Bamboo and rattan blinds are still, as they have been for years, far and away the cheapest thing you can use to cover your windows.
Unstained bamboo slat blinds, made for Pier 1 in Taiwan, are available in sizes ranging from 36-by-72-inches ($3.99) to 120-by-72 inches ($12.99). Burnt or smokes bamboo slat blinds are also available -- smokes to make them darker in color. They run from $9.99 for a 24-by-72-inch blind to $39.99 for a 96-by-72-inch one.
The traditional matchstick blind is the most popular at Pier 1, according to assistant manager Cynthia Towers. They run $4.99 for a 24-by-72-inch blind to $29.99 for a 120-by-84-inch blind. They also come in a smoked version and cost about the same as the smoked bamboo.
Conran's carries the "traditional French blind" made of think one-inch wood slats. The French-made blinds average $37.95 for a 39 1/4-by-78 1/2-inch blind.
Hechinger's carries the matchstick blind, ranging in price from $6.99 to $29.99. Fabric Shades
Laura Ashley has introduced a do-it-yourself window shade kit that comes complete with wooden roller, brackets, screws, pull cord and fabric stiffening solution -- everything you need except the fabric, which (surprise) you can also buy at Laura Ashley, 3213 M St. NW in Georgetown.
The kits come in three sizes: 3 feet ($22), 4 feet ($25) and 6 feet ($35). The fabrics cost $9 a yard; all are 48 inches wide.
Conran's carries the kits as well ($12.95), but they do not come with the fabric stiffner.
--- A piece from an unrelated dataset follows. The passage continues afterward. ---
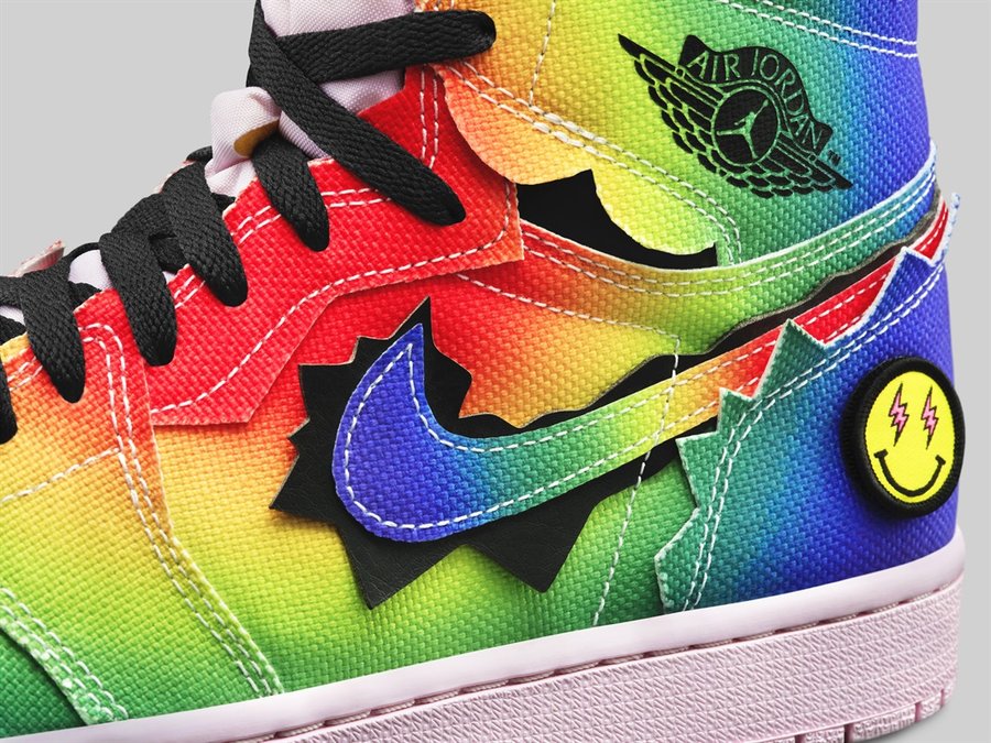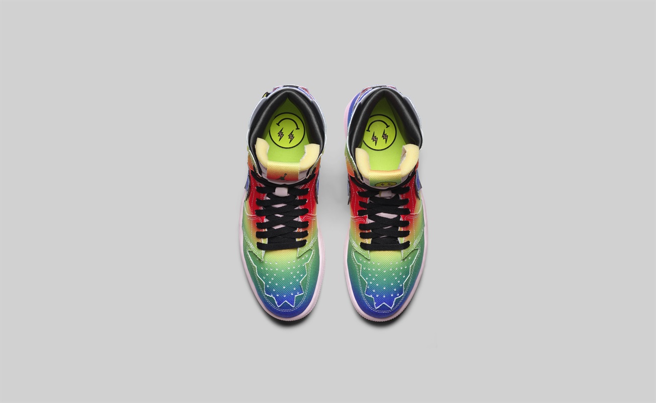 鞋舌一边以 J Balvin 招牌的「闪电笑脸」装饰,后跟相同样式徽章装饰,鞋垫暗藏笑脸呼应。
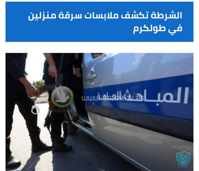 تلفزيون السلام - فلسطين : كشفت الشرطة ملابسات سرقة منزلين بقيمة 35 ألف دينار وقبضت على مشتبه به في طولكرم.

A 16-ounce bottle of stiffener can be purchased separately at Conran's for $3.50. (Michelle Mitchell of Conran's says that fabric starch does the same job.) Fabric for the do-it-yourself shade -- $4 to $13 a yard -- can also be bought at Conran's. Mitchell does not recommend using very lightweight fabrics such as polyester blinds -- they'll lose shape quickly.
At the Door Store's fabric annex, 3140 M St. NW, manager/owner Corey Armstrong doesn't recommend the fabric kits to his customers. "The fabric usually needs to be re-sprayed with stiffener after hanging for three months."
Conran's Mitchell disagrees. "We've never had any complaints. I would suggest, however, that for shades you plan on opening and closing frequently, maybe another style would be preferable."
The Door Store's fabric annex custom-makes shades and drapes, but Armstrong recommends curtains to his customers. Price-wise, the cost of making custom curtains vs. custom shades runs about the same: $100 for a window measuring 36-by-72-inches, using an average-priced fabric ($8 to $10 a yard).